By Roxanne (Yanchun) Liu
Medill Reports
Lori Schwartz’s father, a 74-year-old doctor, only goes to restaurants for dinner where he can use coupons. Raised in a poor family, her father watches how much he spends all the time despite the good paychecks he now earns, embarrassing his daughter.
“I hate it,” she said. “His cheapness is not attractive. I never want to be like that.”
Several adults interviewed for this story said they are comfortable spending more money on themselves than their thrifty parents do, but they are still influenced by their parents’ money habits. These children cherry-pick their parents’ financial behaviors, adopting those that fit with their current economic situation and their expectations of future financial means, said Jean Marie Dillon, a certified financial planner at Freedom Financial Counseling, LLC.
Schwartz, a 48-year-old mother who used to work in marketing, said she feels comfortable spending her own money but she leans more toward saving than spending, similar to her father but not quite to his extreme. She also adopted her parents’ approach of paying credits cards on time and avoiding debt, Schwartz said.
“I have a young son, and me and my husband want to make sure that we can provide for him,” said Schwartz, who has started a 529 college savings plan for her son. “That kind of changes a lot of things. It’s not just about yourself anymore. It’s about your family.”
Matt Bouvet, a 31-year-old senior video editor living in San Diego, said he likes to save money like his father does, who encouraged his son to read about bond investments and personal finance when he finished college. Instead of risking money on volatile investments like stocks and cryptocurrency, Bouvet puts 6 to 10 percent of his savings into his 401(k) plan.
Bouvet’s father, a businessman who grew up without much money, never took his family on a vacation trip that involved flying, Bouvet said. The family seldom dined out.
Bouvet didn’t completely inherit his father’s frugality. Fond of traveling for holidays and eating more expensive food than his father did, Bouvet is doing freelance jobs for extra money to spend on these hobbies and desires.
“When [my father] was my age, he already owned a house,” Bouvet said. “He already had a kid. I am very, very far away from that financially. It’s a different time.”
Mouk Chounlamany, a 33-year-old information technology developer working in Michigan, said his relationship with money is terrible. Born after a war in his home country of Laos and living in Thailand refugee camps and eating grass and eggs when he was a child, Chounlamany said he now spends quite a bit on food and travel, sometimes as much as $1,000 to $2,000 in less than a week.
“If you’re born poor, you know how being poor is like,” Chounlamany said. “When you start to have money, you don’t really know how to save it. You don’t think about long-term goals like, here I should start saving, because you feel like you never have it to begin with, so why even start saving now?”

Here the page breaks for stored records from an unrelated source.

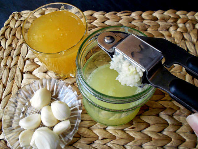 - Смешать сок одного лимона, 1-2 зубчика измельченного чеснока и 1-2 столовые ложки меда.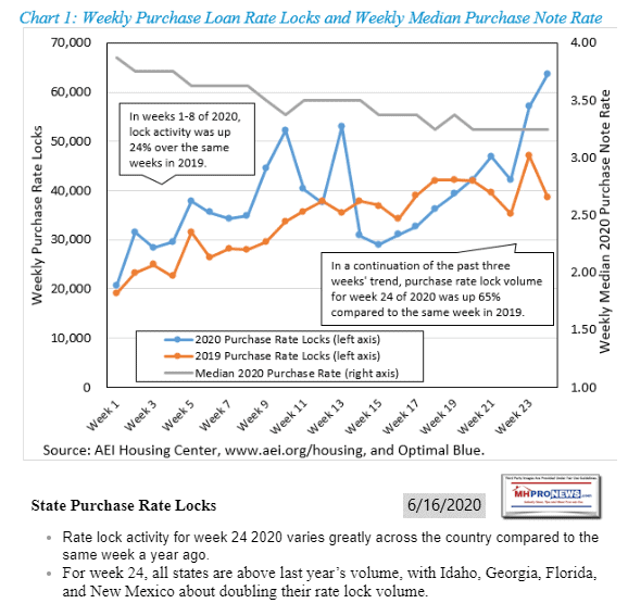 In a continuation of the last three weeks’ strong upward trend, purchase rate lock volume for the week of June 6 (week 24) jumped 65% from a year ago. This provides further evidence that the worst of the near term effects of the COVID-19 pandemic lockdown may be behind us on a national level.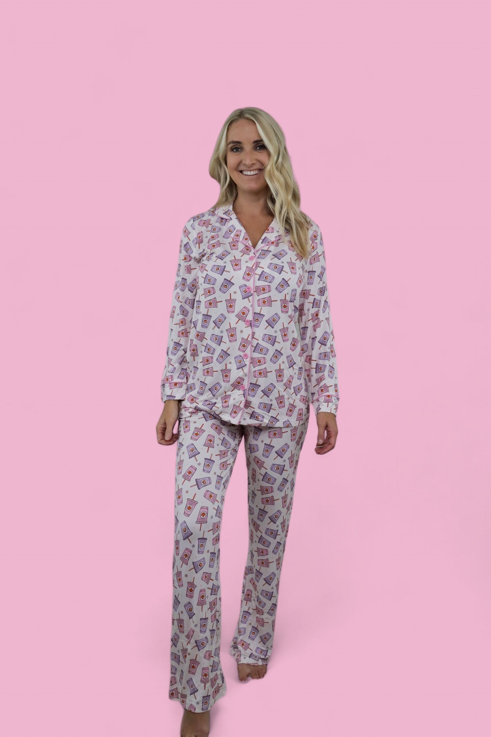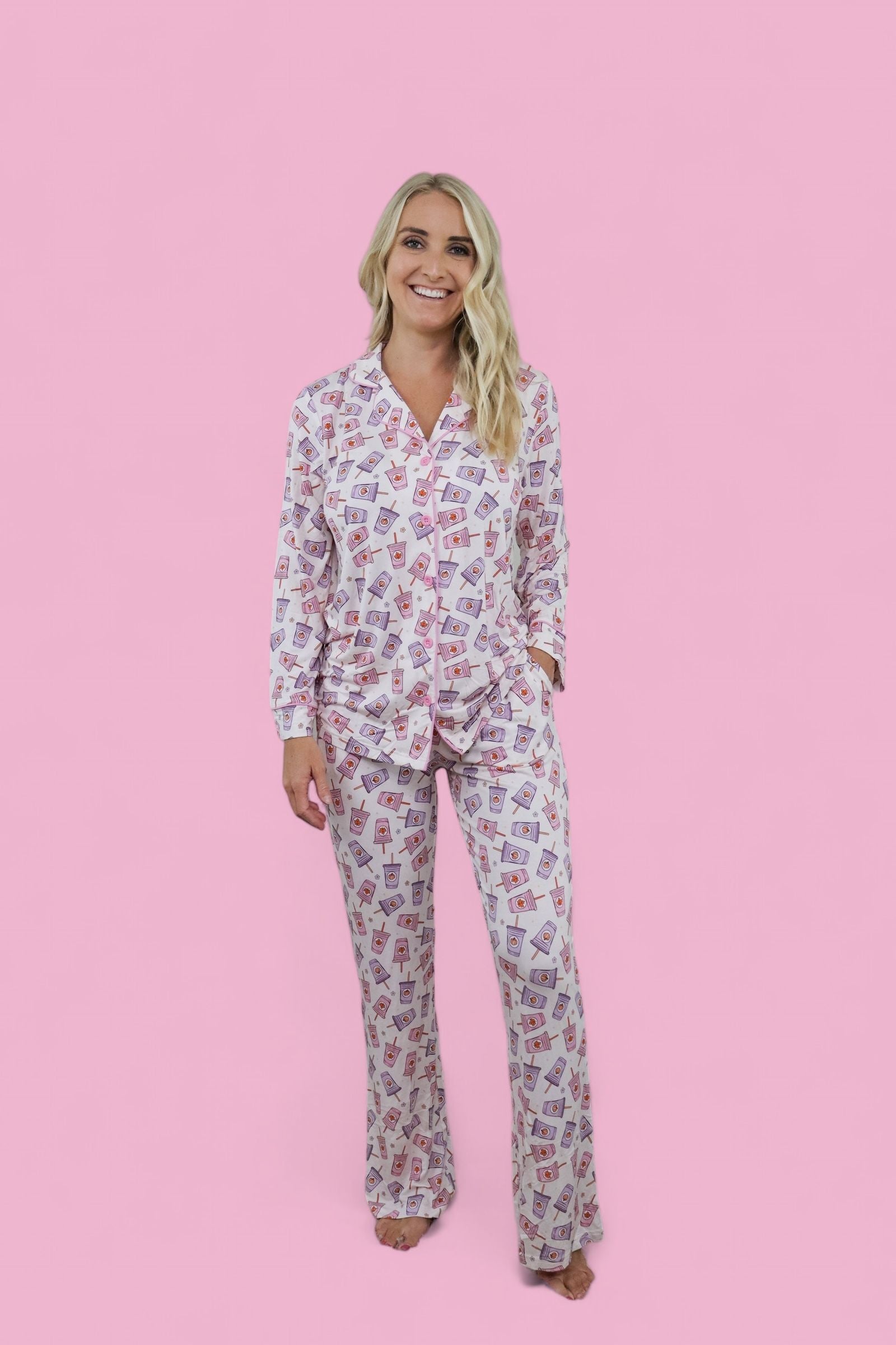 Crafted from our signature buttery-soft bamboo fabric, this set features a button-up top and flattering flare pants that move and stretch with you. Whether you’re sipping your PSL or winding down after bedtime, you’ll feel comfy, cute, and totally cozy. 🍁✨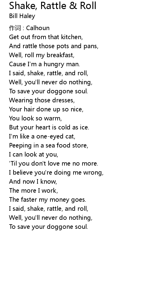 | I said, shake, rattle, and roll, | |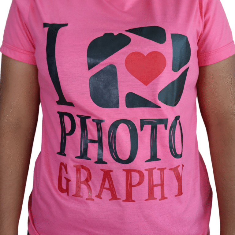 Camiseta feminina I love photo graphy meia malha pv rosa pink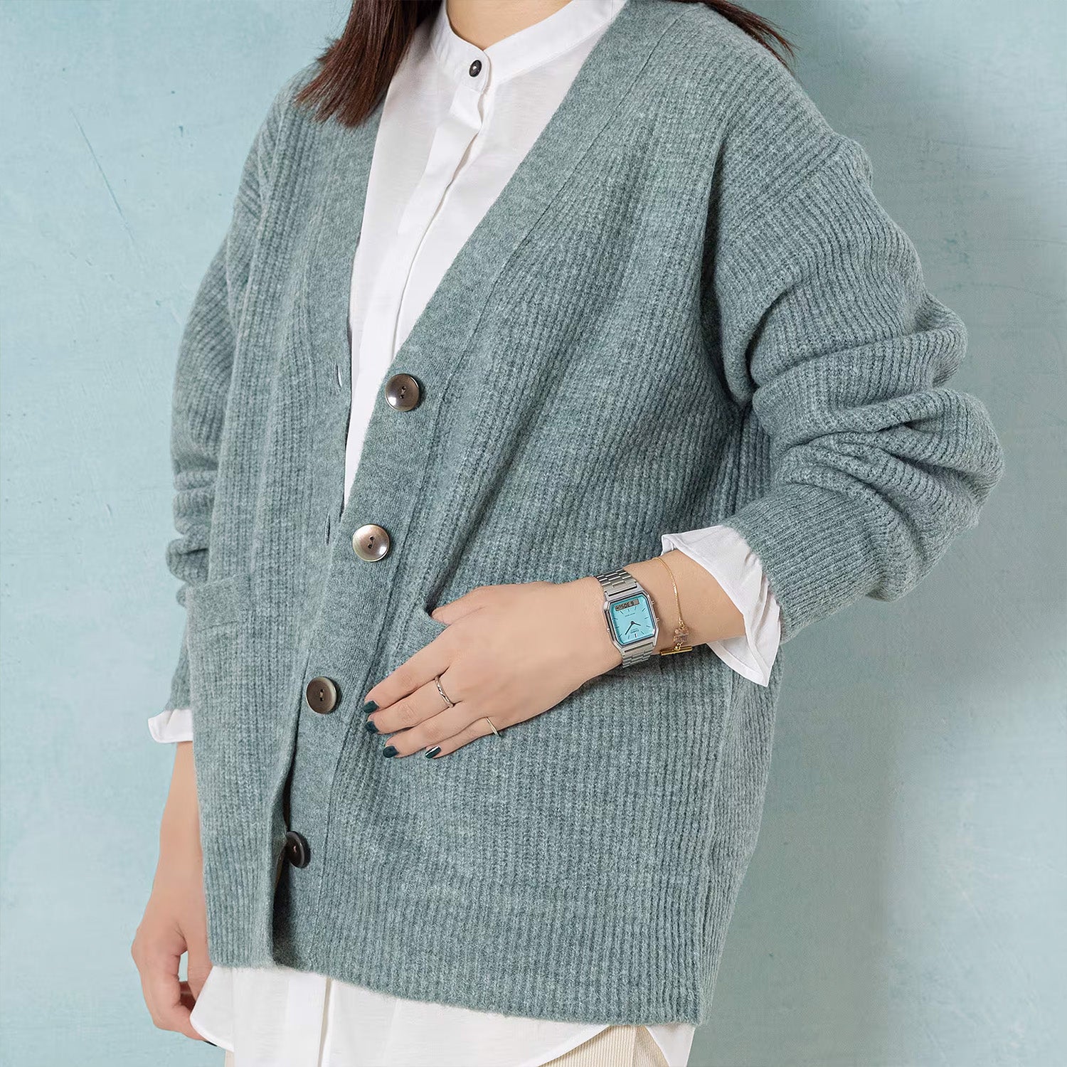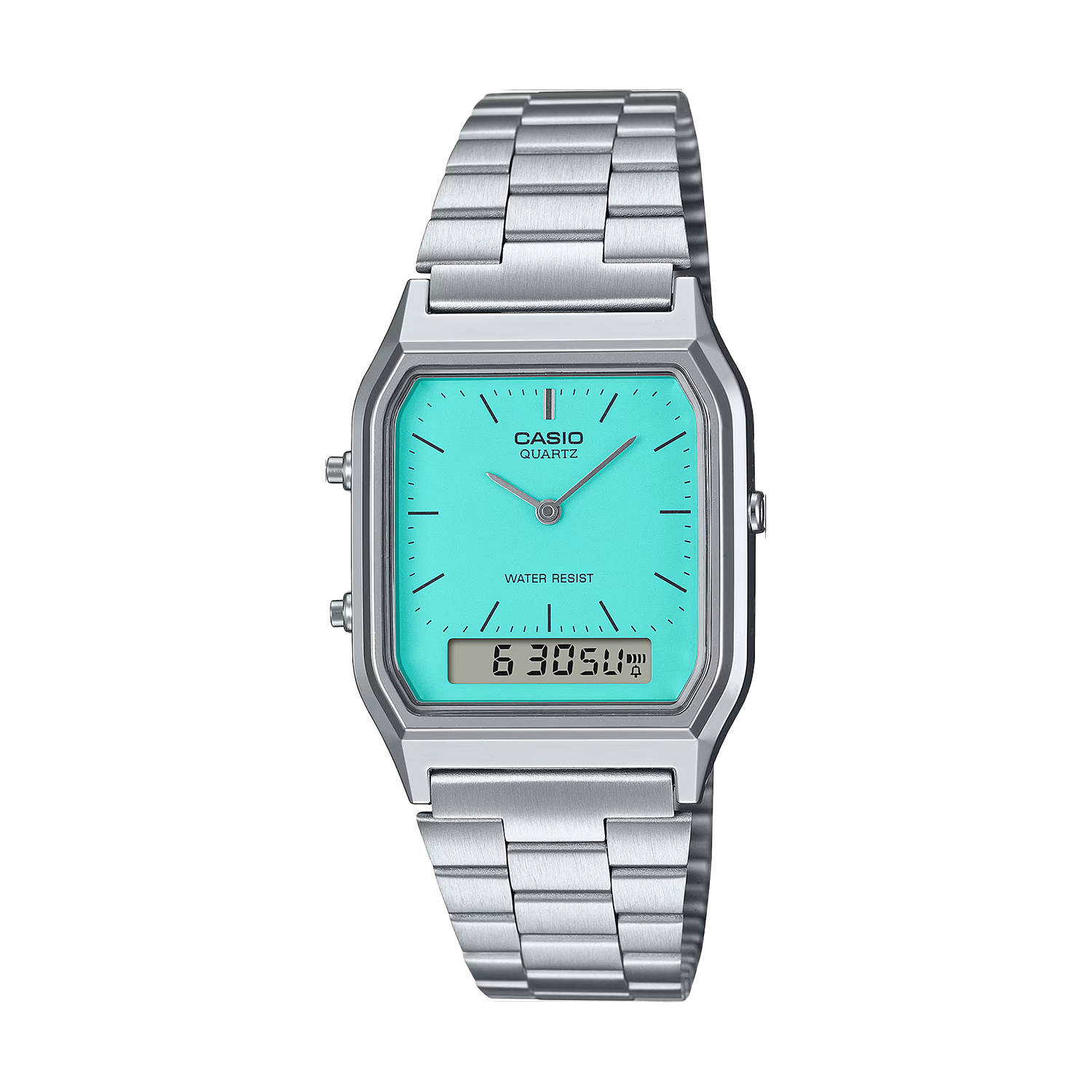 Charmant klassisch, trendig bunt. Das eckige Gehäuse umrahmt ein Zifferblatt, das den neuesten Farbtrends folgt. Retro-Einfachheit trifft auf moderne Funktionalität in einer analogen Uhr mit kleinem digitalen Fenster für nützliche Infos auf Knopfdruck. Ein vielseitiges, elegantes Design für jeden Anlass, von formellen Veranstaltungen bis hin zu legeren Treffen.

His mother, however, is still thrifty, eating simple food such as rice and vegetables, Chounlamany said.
James Dobbs, president at Woodfield Financial Advisors Inc., said many of his clients, several of whom make $200,000 to $700,000 a year and manage their money cautiously, find themselves helping one or more children between the ages of 30 and 50 address financial problems.
“Clients that have substantial wealth, say over $1 million, generally do not share that information with their children,” Dobbs said. “I believe if they told their children how much money they have, the children may start making different decisions about their own financing. It may take away their incentive to work harder. It may make them more dependent or become dependent on their parents.”
Wong Xinzhao, a 25-year-old undergraduate student in Chicago, said he follows the saving habits of his parents because he hasn’t seen a better way to deal with money.
Wong’s parents, whom he said are well-off public figures in China, seldom talk with their son about money management except for a curt tip of “save your money and don’t overspend.”
Although parental money behaviors have significant impact on children, discussing money is usually taboo around the dinner table, Freedom Financial’s Dillon said.
“Lots of clients come to me seeking truth that they never heard from their parents,” she said.